[Opening Data for this task section]

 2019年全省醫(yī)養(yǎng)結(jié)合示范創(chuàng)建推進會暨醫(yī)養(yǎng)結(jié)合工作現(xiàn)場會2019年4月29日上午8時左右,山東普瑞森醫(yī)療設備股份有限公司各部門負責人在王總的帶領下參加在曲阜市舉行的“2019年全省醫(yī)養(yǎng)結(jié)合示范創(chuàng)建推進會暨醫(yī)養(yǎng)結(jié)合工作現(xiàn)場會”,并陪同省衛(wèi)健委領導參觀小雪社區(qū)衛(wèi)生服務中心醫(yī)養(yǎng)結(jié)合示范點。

[Closing Data for this task section]
[Opening Data for this task section]

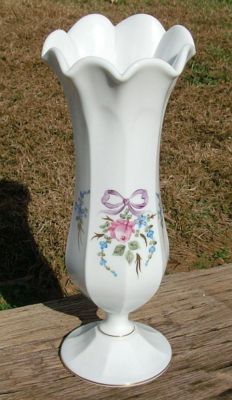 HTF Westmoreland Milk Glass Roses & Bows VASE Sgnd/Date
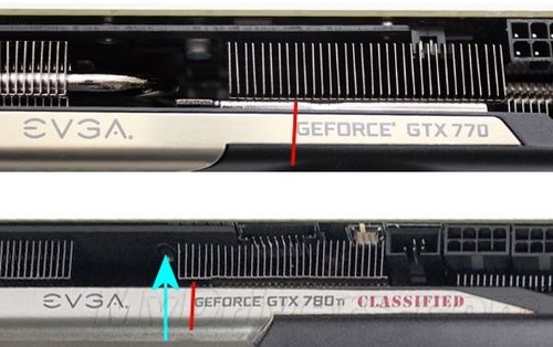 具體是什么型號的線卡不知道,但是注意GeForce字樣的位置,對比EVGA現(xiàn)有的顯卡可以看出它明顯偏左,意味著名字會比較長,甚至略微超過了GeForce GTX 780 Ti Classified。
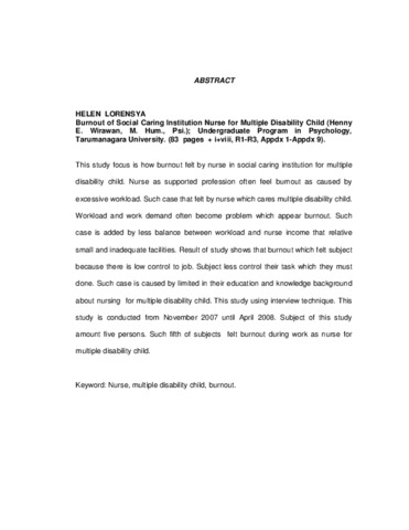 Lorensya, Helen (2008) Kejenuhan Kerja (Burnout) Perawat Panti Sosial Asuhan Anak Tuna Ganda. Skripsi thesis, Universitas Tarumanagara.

[Closing Data for this task section]
[Opening Data for this task section]

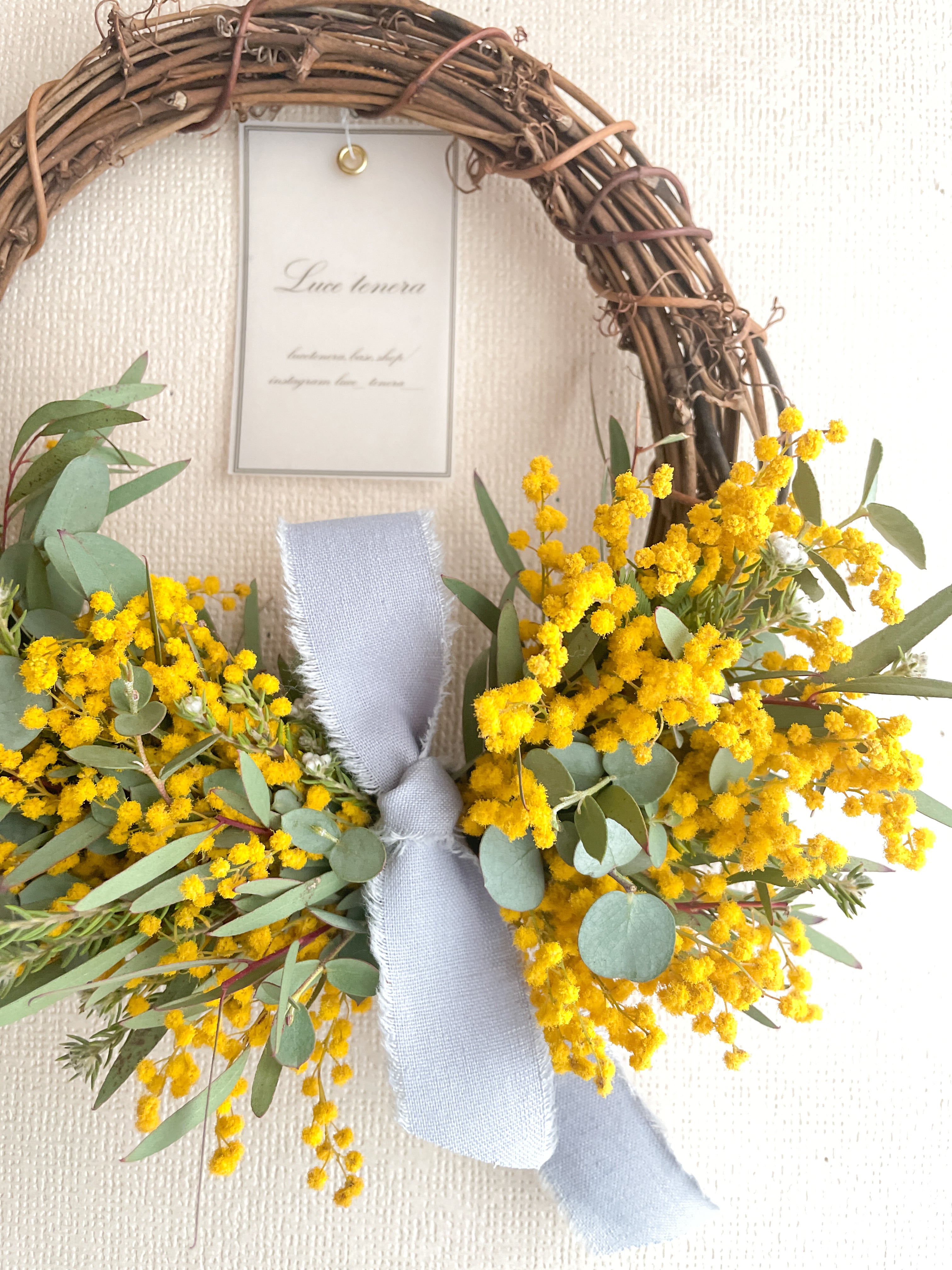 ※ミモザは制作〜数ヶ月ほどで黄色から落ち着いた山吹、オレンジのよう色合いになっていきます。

[Closing Data for this task section]

# [Assigned task]
Of the records above, print only the lines from the one containing "780 Ti Classified。" through the one containing "Lorensya, Helen (2008)", inclusive and unaltered, leaving out pictures.

# [Response]
 具體是什么型號的線卡不知道,但是注意GeForce字樣的位置,對比EVGA現(xiàn)有的顯卡可以看出它明顯偏左,意味著名字會比較長,甚至略微超過了GeForce GTX 780 Ti Classified。
 Lorensya, Helen (2008) Kejenuhan Kerja (Burnout) Perawat Panti Sosial Asuhan Anak Tuna Ganda. Skripsi thesis, Universitas Tarumanagara.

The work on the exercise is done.